待苏婉第二日昏昏沉沉醒来时,外面早己天光大亮。她只觉得头疼欲裂,昨夜被宋闻璟灌下的酒劲还未散尽,浑身骨头缝里都透着酸麻的疼。
她恍惚记起,醉酒后的宋闻璟彻底没了节制,昨夜不知被他缠着要了多少次,如今稍一挪动,便是铺天盖地的酸软与钝痛。而床的另一侧早己没了宋闻璟的身影。
苏婉强撑着酸软的身子坐了起来,锦被从肩头滑落,在外的肌肤上布满了细细密密的红痕,待苏婉将放置在一旁的衣服穿上后,在外守着的脆梨,听见屋内似有了声响,便端着洗漱用具进来。
“现在什么时辰了?”苏婉见她进来便问道。
在一旁垂首道“姑娘己经巳时了。爷走时特意吩咐奴婢备了醒酒汤,姑娘可要用些?”
苏婉闻言点了点头,待她收拾妥当,脆梨便将醒酒汤送了进来,她将醒酒汤喝了后。脆梨接过碗后道“姑娘,可要用些早饭?”
苏婉闻言摇了摇头道“不必了,我不饿。”一大清早喝了这么大一碗醒酒汤,她哪里还用得下早饭,二人正说着。
宋闻璟却进来了,他听见了苏婉的那句不必了,便对着苏婉道“昨晚你就没用多少饭,这早膳也不吃,如何能行?”
又对着站在一旁的脆梨吩咐道“你只管去取来。”脆梨闻言忙不迭的点了点头,便朝屋外走去。

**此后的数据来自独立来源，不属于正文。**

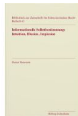
Informationelle Selbstbestimmung: Intuition, Illusion, Implosion Ladenpreis: 42,00EUR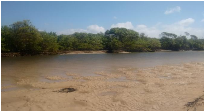
Figura 3: Barra do Itariri.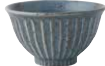
024-0050 しのぎ5.0丼 φ15.5×9cm 1,500円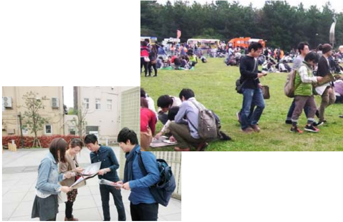
夢中になって宝の地図(参加冊子)の暗号を解読

また、宝探しのテーマやストーリーに、地域の伝統や文化・歴史、商品などもの特色を盛り込むことで、自然に現地の情報を取り入れることができ、魅力のPRにも繋がります。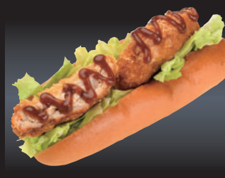
10 桃豚メンチカツドッグ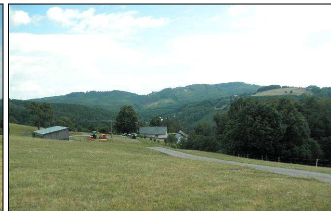
Vlevo pohled na SV z luk pod Drdolem v části Nová dědina s ukrytou usedlostí v zeleni zahrady, vpravo pohled přes fungující zemědělskou usedlost - farmu v části Rybníčky a Zelené údolí na výrazný hřbet Komonce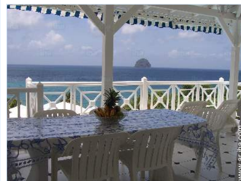
vista desde la terraza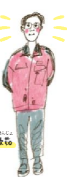
ちょう びんや 張 敏也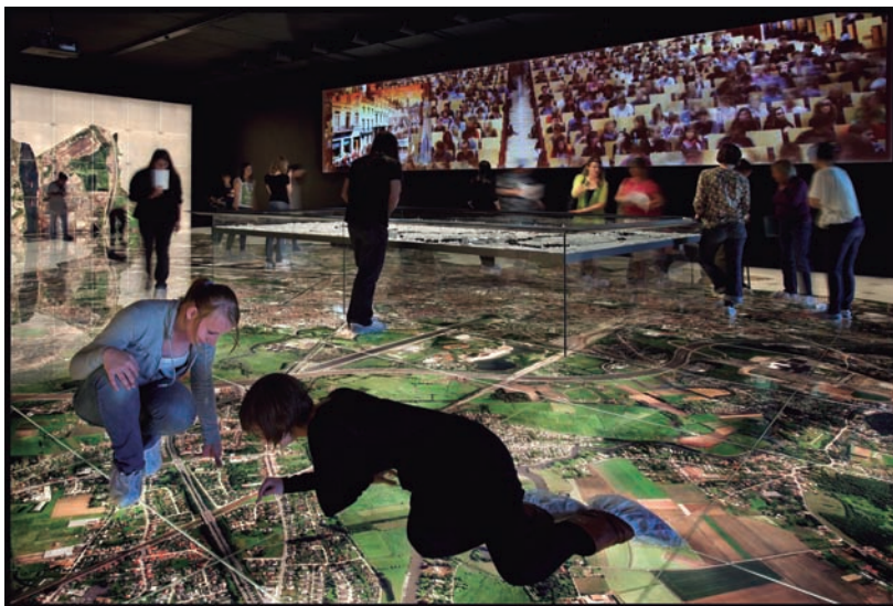
FIGURA 4. Entrada a l'STAM, amb la imatge interactiva de Gant.

tra les ciències socials a l'escala de la nació, i de tot plegat es desprèn un cert «analfabetisme urbà» que, paradoxalment, pot fins i tot créixer en l'era d'Internet si l'ús constant del geolocalitzador fa prestar menys atenció a l'entorn. No és una qüestió banal en un món urbà en què els efectes de la globalització, incloent-hi els grans desplaçaments migratoris i de refugiats, coincideixen en la vida quotidiana en tots els àmbits, i en què es poden propiciar tant el conflicte com, ben al contrari, l'entesa amb acords pràctics entre els uns i els altres en el frec a frec quotidià.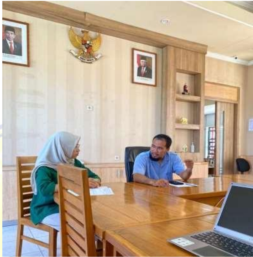
Dokumentasi Wawancara dengan Kepala Bidang Pemasaran Dinas Pariwisata Kabupaten Lombok Timur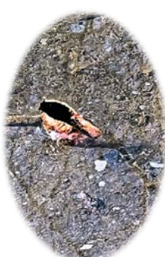
これは？ 睡蓮の芽でした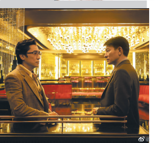
梁朝伟刘德华对峙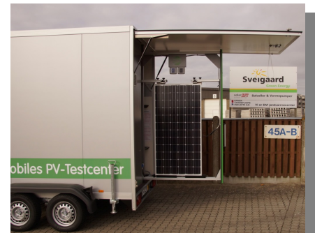
Sveigaards MBJ Testcenter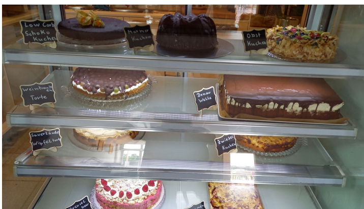
Kleines Kaffee-Stübchen innen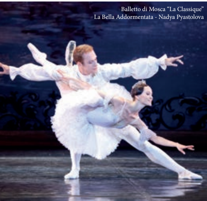
Balletto di Mosca "La Classique" La Bella Addormentata - Nadya Pyastolova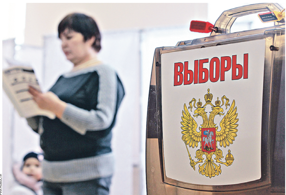
8 сентября москвичей ждут прямые выборы мэра. Процедура его избрания должна быть максимально прозрачной, считают власти города

Сейчас 31 человек подал документы на регистрацию. Предвыборная агитация стартует со дня регистрации кандидата и прекращается в 0.00 за сутки до дня голосования. Согласно Избирательному кодексу Москвы, зарегистрированным кандидатам предоставляется не менее половины общего объема бесплатного эфирного времени для проведения агитации, дебатов. Принять в них участие кандидаты могут только лично. Выбирать мэра будут в единый день голосования, который назначен на 8 сентября этого года. Процесс голосования начнется в восемь утра и закон-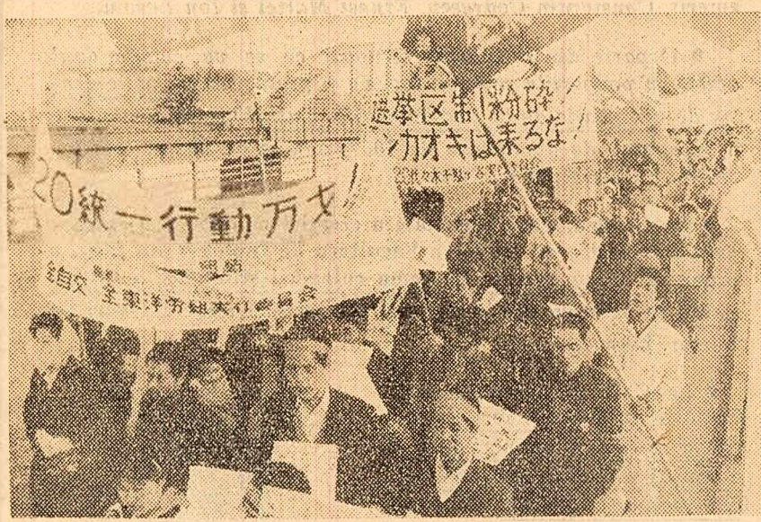
TOKIO. Peste 200 000 de persoane au participat zilele trecute la un miting de protest împotriva scumpirii vieții și a apropiatelor vizite a premierului sud-vietnamez în Japonia

Observatorii politici consideră că obiectul întreprinderilor pe care le are la Atena ministrul de externe cipriot, Kyrianiu, care și-a amintit de mai multe ori plecarea spre patrie, îl constituie diferendul existent între președintele Makarios și generalul Grivas.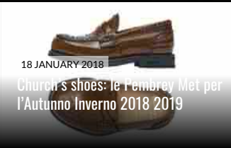
18 JANUARY 2018 Church's shoes: le Pembrey Met per l'Autunno Inverno 2018 2019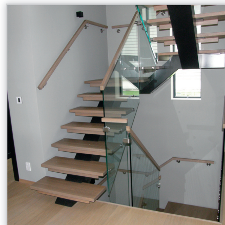
Schody na jednej belce policykowej – stopnie dąb, balustrada szklana, belka policykowa z drewna barwiona na kolor graffit.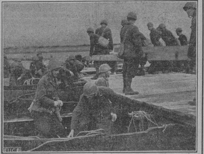
Los pontoneros italianos habilitan un puente de barcas sobre el Dniéper, soportando el fuego de los rojos parapetados en una de las orillas.

她既己打定主意与宋闻璟周旋,便不再摆半分冷脸,只语气平淡地开口:“爷怎的这个时辰过来了?”往常这时辰,宋闻璟不是在书房处理公务,便是去营地操练士兵,何况脆梨方才说他一早便走了,现下不过巳时,他竟又折回了后院。
“我今日休沐,早上是有些急事要处理,你不是想去曲江楼吗?我今日正好休沐,便带你过去瞧瞧如何?”宋闻璟含笑对苏婉道。

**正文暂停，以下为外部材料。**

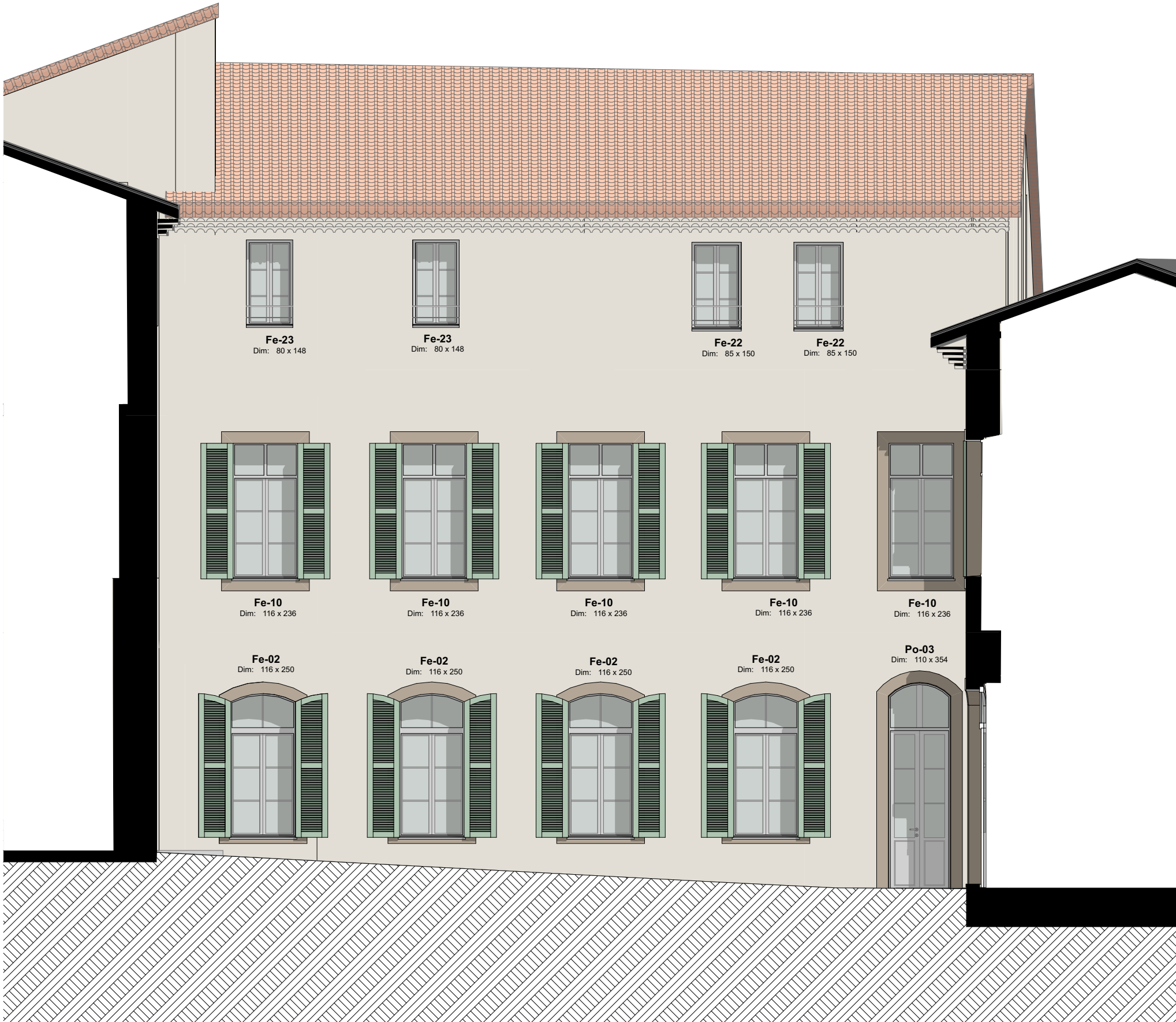
FAÇADE EST PROJET - CÔTÉ COUR - 1/75

苏婉闻言,神色都亮了几分,这些日子,除了赶路,便是整日闷在这宅子里,如今能出去,自是高兴不己,点了点头道“好。”
宋闻璟自是瞧出她此刻是有些雀跃的,微微勾了勾唇角道“这段时日暑气盛,偏那曲江楼前的荷花开得最是热闹,层层叠叠铺到水边。”他顿了顿才又道“今日外头凉快了了些,登高望景倒是极好的,待你用过饭后,爷便带你去瞧瞧。”

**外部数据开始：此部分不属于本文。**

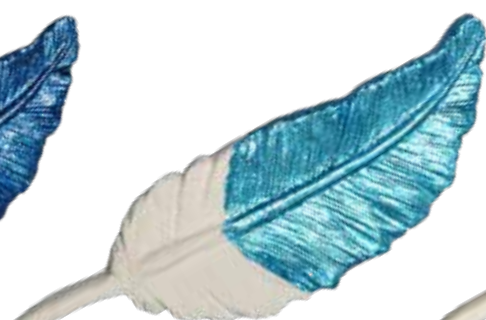
Eisblau Ice Blue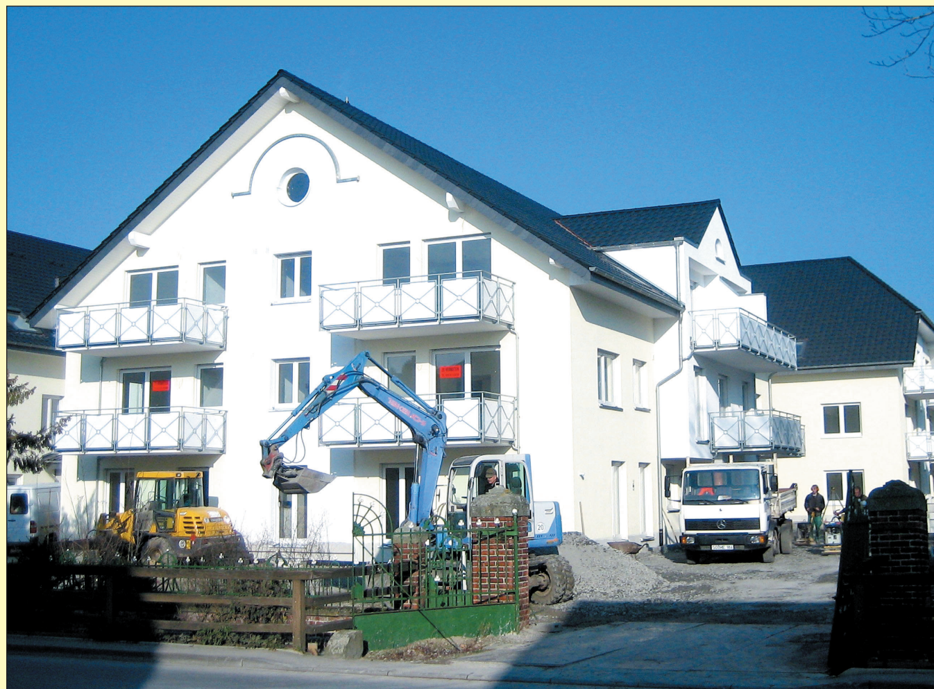
Die restlichen Arbeiten zur Realisierung der Service-Wohnanlage laufen auf Hochtouren. Alle Beteiligten freuen sich darauf, dass am 1. April die ersten Bewohner einziehen.

Fassadengestaltung Wohnraumgestaltung Aussenputz Innenputz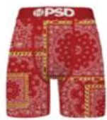
RICH BNDN RED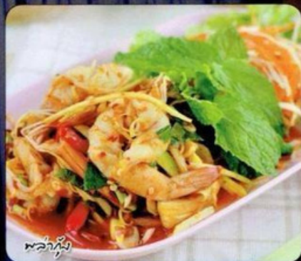
พริกน้ำส้ม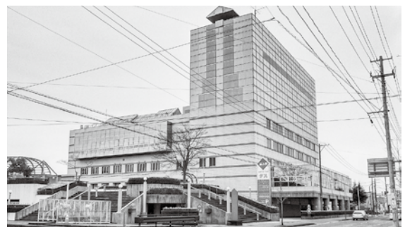
改修工事予定のタスビル

タスビル改修工事に向けた基本構想の取りまとめ、地方拠点整備交付金申請書の作成等、コンサル業者に発注する委託業務の一部を補助するため計上するものです。改修工事は地方拠点整備交付金を活用し、令和3年度に行う予定です。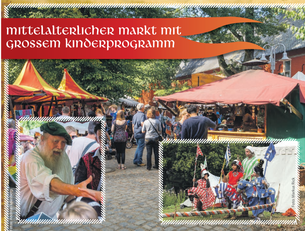
mittelalterlicher Markt mit grossem Kinderprogramm

Flanieren Sie über den mittelalterlichen Markt im wunderschönen Ambiente des Schloss Rheydt. Rund 70 Aussteller, Händler und Handwerker bieten ihr Können und Handelsgut feil. Genießen Sie das ritterliche Treiben bei Erzeugnissen mittelalterlicher Braukunst und vielen leckeren Schlemmereien. Auch die Kleinen können sich ins historische Vergnügen stürzen.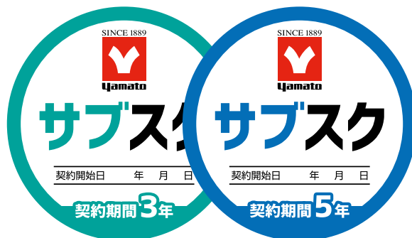
このステッカーが目印

実施しておりません。定期メンテナンスやIQ/OQをご希望の場合は有償にてお受けいたします。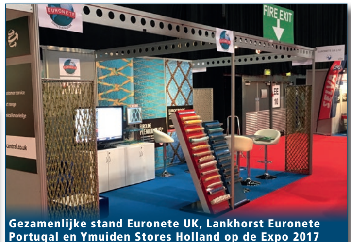
Gezamenlijke stand Euronete UK, Lankhorst Euronete Portugal en Ymuiden Stores Holland op de Expo 2017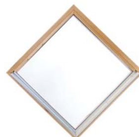
Fönster 601 6x6, snedställt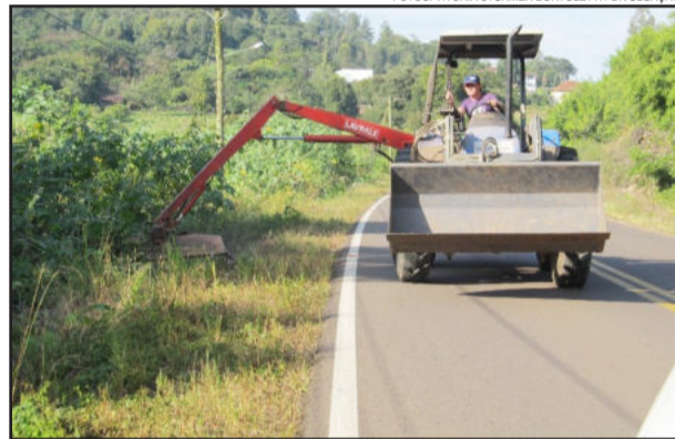
Vegetação na RS 129 foi roçada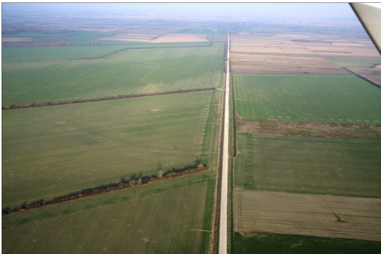
Sl. 10 Markušica, Novoševci.

Fig. 9 Kešinci, Glomač – Požarike.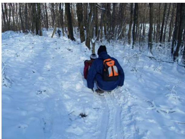
Различити стилови спуста

У повратку, обишли смо и Марићевића јаругу у Орашцу, а затим се вратили у Велику Плану.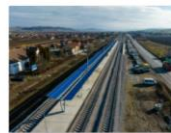
S3 Albesti (2)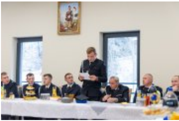
• 2025-02-16- Zebranie sprawozdawcze w OSP Ponice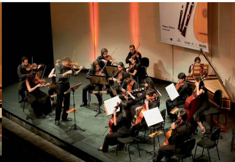
Concerto de encerramento da Orquestra de Alunos e Professores do Encontro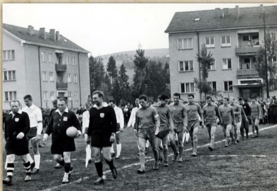
Nástup hráčov (Slovan Bratislava v tmavom).

苏婉轻轻颔首,应了声“好”。不多时,脆梨便拎着食盒进来,从里头取出一碗清润的荷叶粥,搭配着几道精致的小菜,都是解腻祛暑的吃食。但苏婉喝了那么一大碗醒酒汤,如何吃的下,只小口小口喝了半碗粥,夹了两筷子小菜,便搁下了银筷。
宋闻璟见此又道“你这身子本就虚,浑身上下轻得没二两肉,合该多用些才是。”
苏婉轻轻摇了摇头,语气带着几分无奈:“爷,我先前己喝了一大碗醒酒汤,实在是用不下了。”
用完饭后,苏婉的脑子清明了许多,她忽然想起昨日醉酒时的情形,那时她虽脑袋昏沉,却也不是全无记忆。依稀记得宋闻璟当时好像在她耳边问了不少话,可那些零碎的片段如雾里看花,她绞尽脑汁,竟怎么也想不起具体问了什么、自己又答了什么。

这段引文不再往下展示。